Спустя полтора года Она родила дочку, тоже горластую, а Уршуле по-прежнему надеяться было не на что. У молодой женщины опустились руки: она видела свое призвание в том, чтобы быть матерью, и никак не могла стать ею. На словах Винцас прикидывался, что им это вовсе ни к чему, а в душе чувствовал такую пустоту, что пространства, в которых протекала его жизнь, угнетали его. Куда бы он ни шел, чтобы ни делал, Винцас вечно будто озирался, не появится ли из потаенного уголка живое существо и не примется ли резвиться на полу, как котенок, и сам же улыбался своим фантазиям, а потом сникал и возвращался в избу — то ли помрачнев, то ли не отдавая себе отчета, что же привело его в дом.

Вроде бы красота, простор, богатство, а неприютно. Все сильнее тянуло увеличить свою небольшую семью хотя бы за счет чужих, побыть с Антанасом и его домочадцами, отгородиться от мира их шумным гомоном, раствориться в их беззаботных и дружеских улыбках.

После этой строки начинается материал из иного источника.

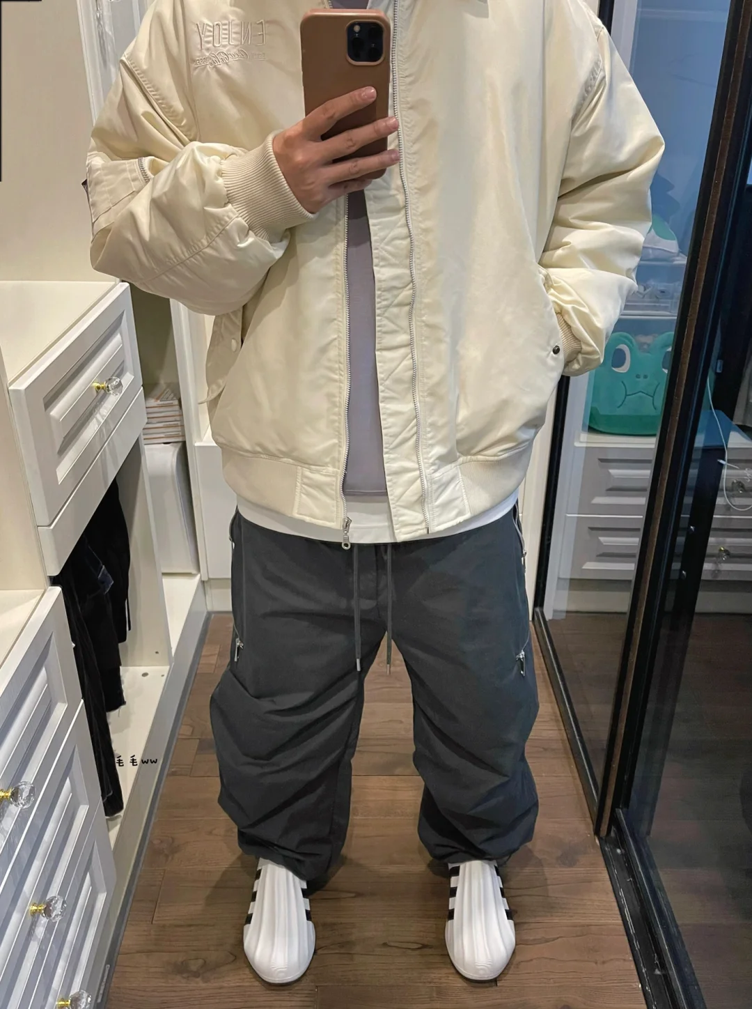 -飞行员夹克,boxy的短宽版型;秋冬叠穿利器,又到了人手一件bomber的季节 . -极简的色系,不管是黑白对比、全身酷黑、还是灰色的格雷系穿搭,都能轻松拿捏 . —————— . ✏️本人178cm75kg 球鞋尺码265mm(正常EU42) . 💭以上均为我个人观点,不喜勿喷,欢迎讨论。
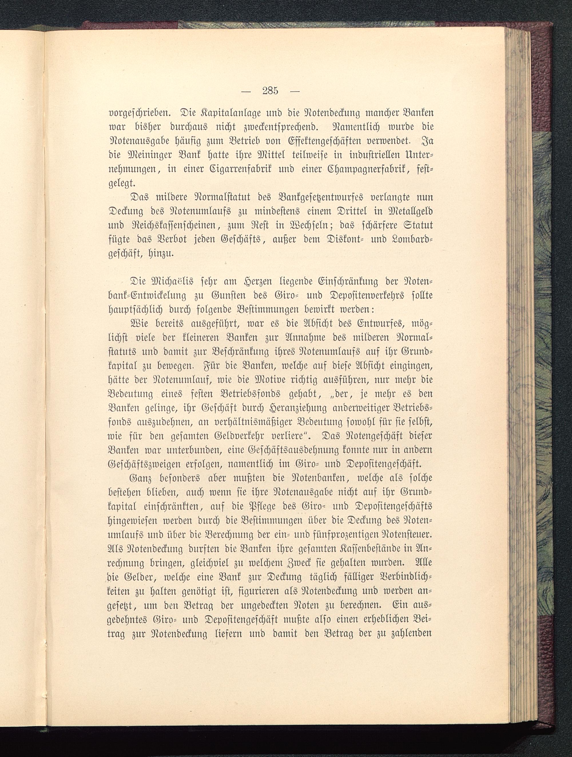Das mildere Normalstatut des Bankgesetzentwurfes verlangte nunDeckung des Notenumlaufs zu mindestens einem Drittel in Metallgeldund Reichskassenscheinen, zum Rest in Wechseln; das schärfere Statutfügte das Verbot jeden Geschäfts, außer dem Diskont- und Lombard-geschäft, hinzu.

Пожалуй, этим и объяснялось намерение Винцаса Канявы построить баню в деревне Таузай, вторую в приходе. Одна была у местечковых евреев. Жемайты не имеют обыкновения париться или купаться; умываются собственным потом во время тяжелой работы; кадушка теплой воды — у них редкая причуда: разве что раз в год, в сочельник. Однако же если подворачивается случай, в бане моются охотно и со смаком.

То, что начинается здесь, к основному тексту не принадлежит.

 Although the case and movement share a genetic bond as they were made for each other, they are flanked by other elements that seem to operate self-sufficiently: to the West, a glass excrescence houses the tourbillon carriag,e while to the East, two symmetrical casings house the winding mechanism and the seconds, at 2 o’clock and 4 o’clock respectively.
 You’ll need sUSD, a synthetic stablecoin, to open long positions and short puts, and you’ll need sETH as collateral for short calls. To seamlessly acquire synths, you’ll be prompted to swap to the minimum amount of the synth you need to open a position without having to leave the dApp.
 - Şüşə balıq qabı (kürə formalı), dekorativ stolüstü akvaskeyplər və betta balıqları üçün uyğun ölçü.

Канява соорудил «первостатейную» баню, с предбанником и раздевальней; печь сложил из крепких камней, а над опечьем соорудил кожух и трубу — дымоход, чтобы не было угарно и голова не болела; выкопал он и небольшой колодец, прямо у двери; выскакивай нагишом наружу да зачерпывай воду. Так что ни в холодной, ни в горячей нужды не было.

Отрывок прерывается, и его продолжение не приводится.